In addition, as shown in FIG. 5, the system further includes a secondary switch 51 for sending a door opening signal to the controller when the door of the microwave heating device is detected to be open; the controller 12 also uses And controlling the plurality of magnetron modules to stop working when the door opening signal is received. Like the primary switch, the secondary switch is installed at the opening and closing position of the door body of the microwave heating device, so that when the microwave heating device works, it is convenient to detect that the door body is open, thereby sending a door opening signal to the controller. , Which controls the plurality of magnetron modules to stop working. Therefore, the secondary switch is logically protected against microwave leakage.

In addition, as shown in FIG. 6, the protection module 14 further includes a monitoring switch 143. The monitoring switch 143 is connected in parallel to both ends of the magnetron module to be protected, and is used to detect when the primary switch and the secondary switch fail. When the door of the microwave heating device is opened, the magnetron module is short-circuited; the controller 12 is further configured to control the plurality of magnetron modules to stop working when a short-circuit current is detected. The installation position of the monitoring switch is the same as that of the primary switch and the secondary switch, and they are arranged at the opening and closing positions of the door body of the microwave heating device, so that it is convenient to detect that the door body is open when the microwave heating device is working, so The magnetron module is short-circuited, so that the controller detects the short-circuit current and controls the plurality of magnetron modules to stop working. Therefore, the monitoring switch is both a circuit and a logic to prevent microwave leakage.

For the above-mentioned primary switch, secondary switch, and monitoring switch, a mechanical switch can be used, or a proximity switch that achieves an on-off effect can be used.

In addition, as shown in FIG. 7, the protection module 14 further includes a fuse 144, which is connected in series between the magnetron module to be protected and the power source, and is used to detect when the short-circuit current is greater than When the preset fuse current is disconnected, the connection between the magnetron module and the power supply is disconnected.
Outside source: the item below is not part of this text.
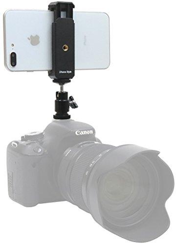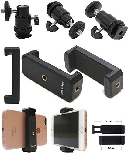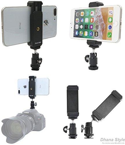 ホットシュー取り付け可能 ボールヘッド (シュー マウント 対応アダプタ 自由雲台) と ボールヘッドに装着可能なスマートフォン ホルダーのセット商品です。iPhone やアンドロイド機種などのスマホを一眼レフ・ミラーレス デジタルカメラのホット シューに取り付けて撮影を行うことが出来ます。スマホで動画を撮りながら一眼レフやミラーレス デジカメでの撮影をしたり、WIFI搭載の一眼レフでは撮影した画像や映像をスマホでその場でチェックしたりトリミング編集したりする事も出来るようになります。【シューマウント 自由雲台 仕様】長さ;6㎝, 重さ;35g, 取付ネジ;1/4 インチ, 底面ネジ穴;1/4インチ, 耐荷重;450g ---> 360° 角度調整 パノラマ回転設計、ツマミで角度を自由に調整できます。アクションカメラ マウント変換アダプター(別売)を用いればGoPro ( hero series), LEVIN , MUSON , Xiaoyi , SJCAM , DBPOWER , AKASO, Vemico, Campark, Wimius, EKEN, APEMAN, Victure, DAPING など ゴープロ マウント互換タイプの スポーツ カメラ (ウェアラブルカメラ)をセットして動画を撮りながら写真撮影を行うことも出来ます。Canon / Nikon / Pentax / Panasonic / Olympus DSLR (一眼レフ デジタルカメラ) に対応 ※コニカミノルタ及びソニー製一眼レフカメラ(αシリーズ)のホットシューには対応しません【スマホホルダー 仕様】ネジ穴径;1/4インチ(側面と背面の2か所にありお好みのアングルに応じて使い分けが出来ます) 重さ;約25g 主な材質; ABS (プラスチック) 対応する スマホ幅; 約62?90mm(iPhone X, iPhone 8, 8plus, 7, 7plus, 6, 6plus, Samsung Galaxy S6 S5 S4 S3 Note 4 Note 3,等対応可) *4インチ幅のモデルには対応いたしません (iPhone4, iPhone5, 5S, iPhone SE 等 は対応不可) ---> ご使用のスマホ幅をお確かめ上ご購入下さい 。 スマートフォンをホルダ から取り外すことなくタテ/ヨコ どちらの方向でも装着可能で、本商品以外にもセルカ棒(自撮り棒)、クネクネ三脚、卓上三脚スタンド、ピストルグリップ(ハンドグリップ)など1/4インチ オスネジのある商品でもご使用頂けます。※スマホ ケース (カバー) の形状や材質によってはケースを装着した状態でホルダーへスマホを装着ができない場合があります。 また、サイドの音量ボタン を押してしまった状態でホルダーにスマホ を装着した場合、 ブルートゥース や 無線、有線 での シャッターリモコン や セルカ棒 での シャッタースイッチ が切れない、動画鑑賞などで音声が出ない、といった現象の原因となります。そのような不具合が生じた場合には スマホの音量ボタンを押した状態で機器をホールドしていないかどうかをお確かめ下さい。*Dhana Style は登録商標です(称呼:ダナスタイル)

In one embodiment of the present invention, a fuse can be used to avoid microwave leakage.

In addition, as shown in FIG. 8, the system further includes a cavity temperature controller 81, which is connected in series between any protection module and the power supply, and the cavity temperature controller is connected in series. The loop is used to power the controller, the cavity temperature controller is used to detect the temperature in the microwave heating device, and when the temperature in the microwave heating device is greater than a preset cavity temperature, the circuit is disconnected. The power of the magnetron module corresponding to any protection module and the controller is turned off, so that the controller disconnects the power of all the magnetron modules. Wherein, the cavity temperature controller may be installed above the microwave heating device, or other cavity parts, to detect the temperature in the microwave heating device at any time, and when the temperature in the microwave heating device is greater than a preset value When the temperature of the cavity is turned off, the power supply of the magnetron module and the controller on the circuit where the cavity is located is disconnected.
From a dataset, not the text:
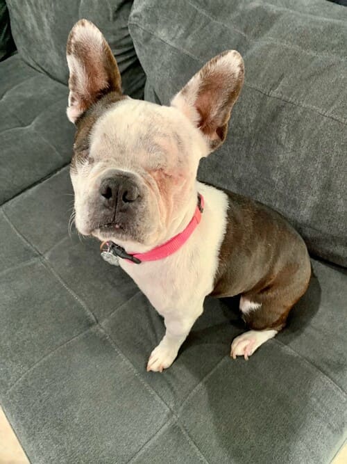 Our rescue stepped in. We opened our arms to nine French Bulldogs that day—nine souls, each carrying scars of mistreatment. Simon’s skin told a painful story of neglect, while his friend Corina, another gentle heart in the group, struggled with painful eye injuries. Each one needed urgent, specialized care, and our veterinary team did not hesitate. With compassion at their core, they provided treatment, soothing their pain, and reassuring them that—for the first time—they were safe.

The plurality of magnetron modules are two magnetron modules, and the magnetron modules include a transformer. As an example, the magnetron and the relay are shown in FIG. 9. The system for controlling the microwave output includes two magnetron modules 11. Among them, the magnetron thermostat 141, the fuse 144 and The front and rear positions of the cavity temperature controller 81 in the circuit can be changed, and the front and back positions of the magnetron temperature controller 141 and the fuse 144 in another protection module can also be changed.

In an embodiment of the present invention, the magnetrons in the plurality of magnetron modules are respectively disposed on different sides in the microwave heating device, so that a microwave distribution with various effects can be generated, and the cooking effect can be improved. .
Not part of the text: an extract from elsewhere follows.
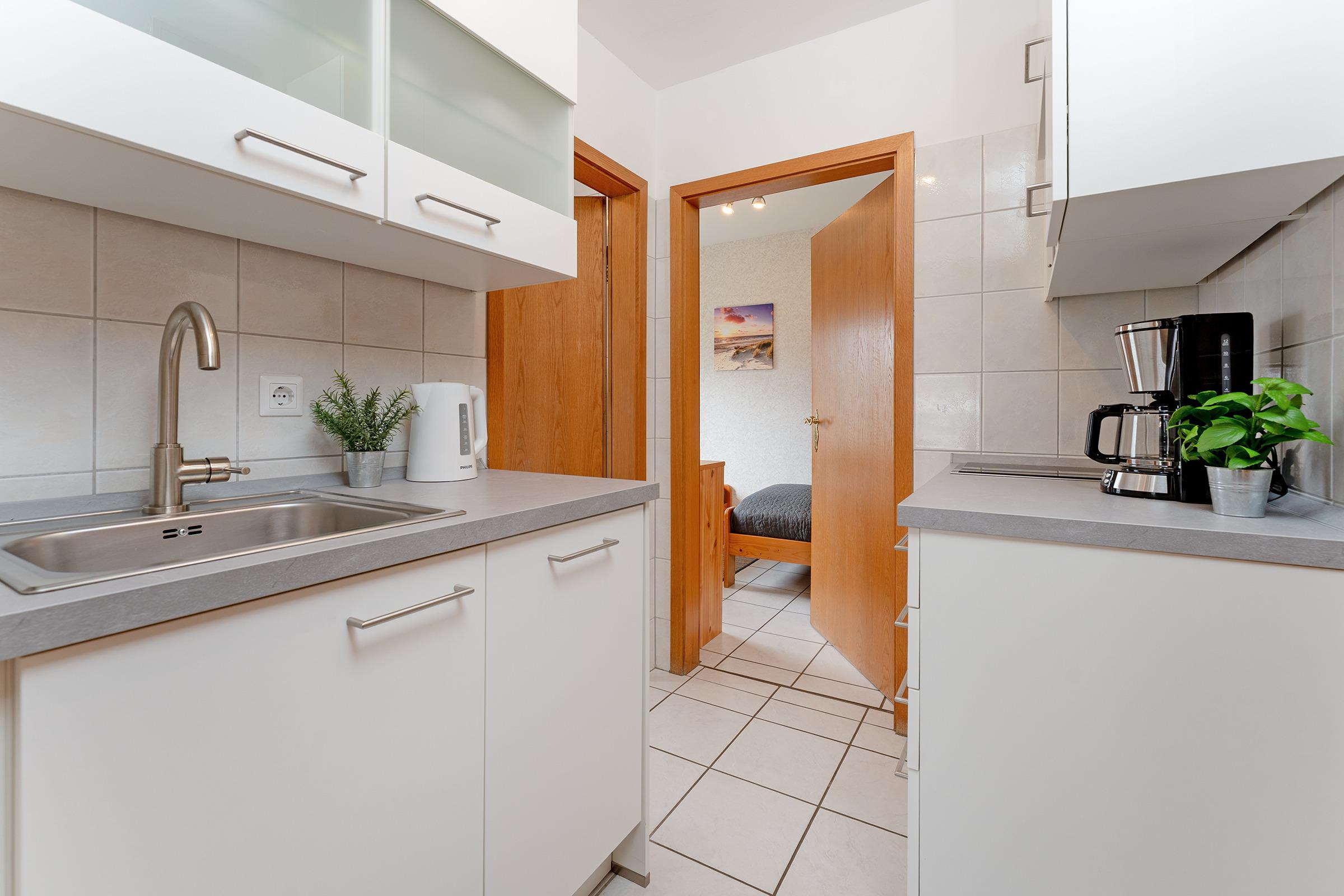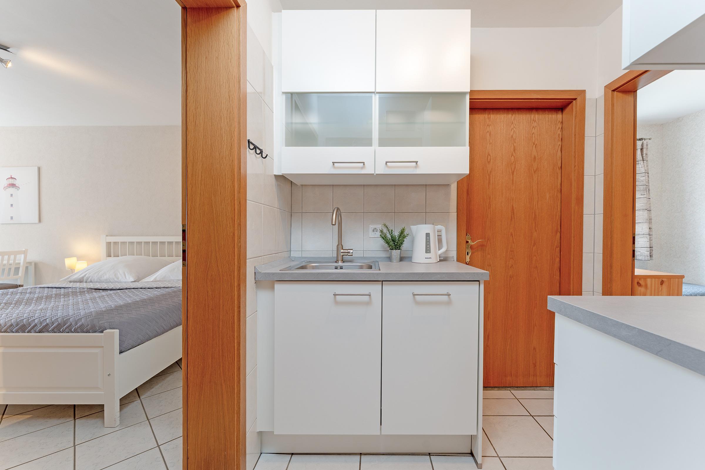 Passend zum Namen Möwe präsentiert sich die Wohnung mit frischen weißen und blauen Farbelementen. Der kombinierte Wohn- und Schlafraum mit gemütlicher Sitzecke und Doppelbett (2x 80x200 cm) lädt zum Verweilen ein. Daneben gibt es ein weiteres Schlafzimmer mit zwei 2 Einzelbetten (je 90x190 cm). Die kleine Pantry-Küche macht Sie flexibel. Das Duschbad ist funktional ausgestattet und hat ein Fenster.

Through the above embodiments, the circuit safety problem of multiple magnetron modules can be solved, and it can protect the device when the temperature and current of the device are abnormal, reducing or even preventing abnormal microwave operation, and damage caused by abnormal current and device temperature. . In addition, it also solves the problem of independent control of multiple magnetron modules. For microwave heating devices, different cooking power can be achieved by controlling the microwave output of multiple magnetron modules with different firepower.

Correspondingly, an embodiment of the present invention further provides a microwave oven, and the microwave oven includes the system for controlling microwave output according to the foregoing embodiment.

FIG. 10 is a schematic flowchart of a method for controlling microwave output according to an embodiment of the present invention. As shown in FIG. 10, the method includes the following steps:

Step 1001: Receive a control instruction.

Step 1002: Find the output power of multiple magnetron modules corresponding to the control instruction.

Step 1003: Control the plurality of magnetron modules to output microwaves according to the output power.

Through the embodiments of the present invention, the microwave output of the two magnetron modules with different firepower can be controlled to achieve different cooking effects. For example, when defrosting food, taking the plurality of magnetron modules as two magnetron modules as an example, the user can enter a control command for the cooking mode of the defrosted food. After the microwave heating device receives the control command, it searches for The output power of the two magnetron modules corresponding to the control instruction, for example, the corresponding output power is one 20% and the other 30%, so that the two magnetron modules are respectively controlled to output microwaves according to the output power. Optionally, the user can also control the output microwaves corresponding to the input and output powers of the two magnetron modules.

In addition, in an embodiment of the present invention, when it is detected that the door of the microwave heating device is opened, the plurality of magnetron modules are controlled to stop working. This embodiment ensures the safety when using the microwave heating device and prevents microwave leakage.

In addition, in another embodiment of the present invention, when it is detected that the door of the microwave heating device is opened, the monitoring switches connected in parallel to both ends of the magnetron module short-circuit the magnetron module; When the short-circuit current is reached, the plurality of magnetron modules are controlled to stop working.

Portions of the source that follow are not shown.